Because cleaning involves exertion, repetitive motions, and awkward postures, you need to be alert to the risk of musculoskeletal woes, such as tendonitis, rotator cuff injuries, muscle strains, and lower back pain. To avoid making friends with your local chiropractor, try the following:
- Wear knee pads when doing work on the floor.
- If you are lifting something heavy, be realistic about your abilities (when is the last time you lifted something this heavy?), enlist a friend to help, and of course, lift with your legs, not your back.
- Avoid twisting your body while carrying a load, such as a heavy laundry hamper.
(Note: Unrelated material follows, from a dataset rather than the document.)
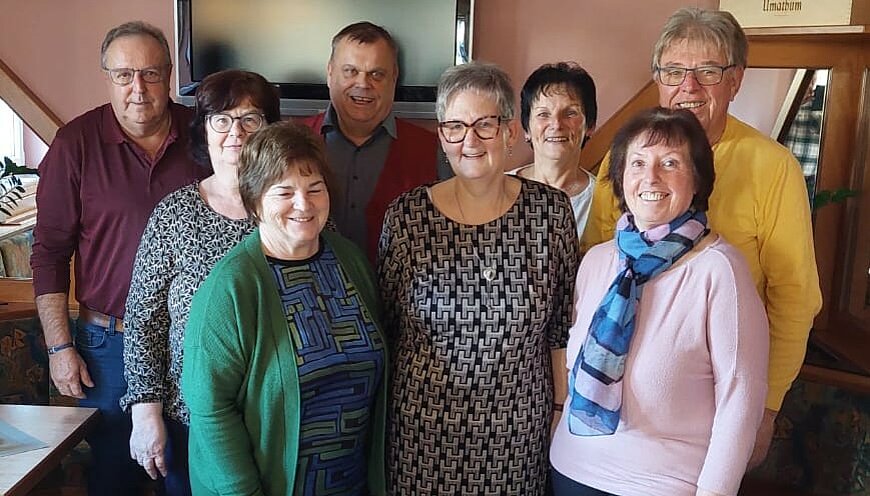 Der Vorstand der Ortsgruppe Waldzell (von links nach rechts): Hannes Moser, Vroni Ibinger, Maria Buttinger, Georg Ibinger, Aurelia Weissenbrunner, Inge Moser, Resi Jöchtl und Obmann Johann Jöchtl.

- Alternate activities, so you aren’t repeating any motion for too long, and take breaks.
Beware the Dust
It’s important to dust and vacuum frequently, even in those out-of-sight, hard-to-reach places. If you’re feeling unmotivated, just consider at what’s contained in typical household dust: dead skin cells, pet dander, bits of insects, pollen, and bacteria. Breathing dust can trigger asthma, allergies, and other respiratory issues, so it’s smart to reduce the quantity that’s laying around your house—but dusting can also increase your exposure. Protect yourself from this microscopic menace by following these tips:
- Reduce dust in the home from the get-go by placing doormats at entrances to capture dirt coming in from outside.
- Use a high-quality filter in your HVAC system and replace it regularly.
- Wood, tile, and vinyl flooring is healthier than carpeting. If you just love a soft surface beneath your sensitive feet, opt for a short-pile carpet over a loose-pile carpet.
- Use a vacuum cleaner with a high-efficiency or HEPA filter.
- Wear a mask when vacuuming and dusting. But not just any mask: Cloth and surgical masks won’t keep the dust from your lungs. Opt for a snug-fitting, reusable respirator such as a Makana Mask.
Oh, and when you’re dusting that high bookshelf or bureau, watch for falling objects you didn’t know were up there—like Uncle Jeff’s championship bowling ball. This is a common cause of head injuries when cleaning. Especially for relatives of Uncle Jeff.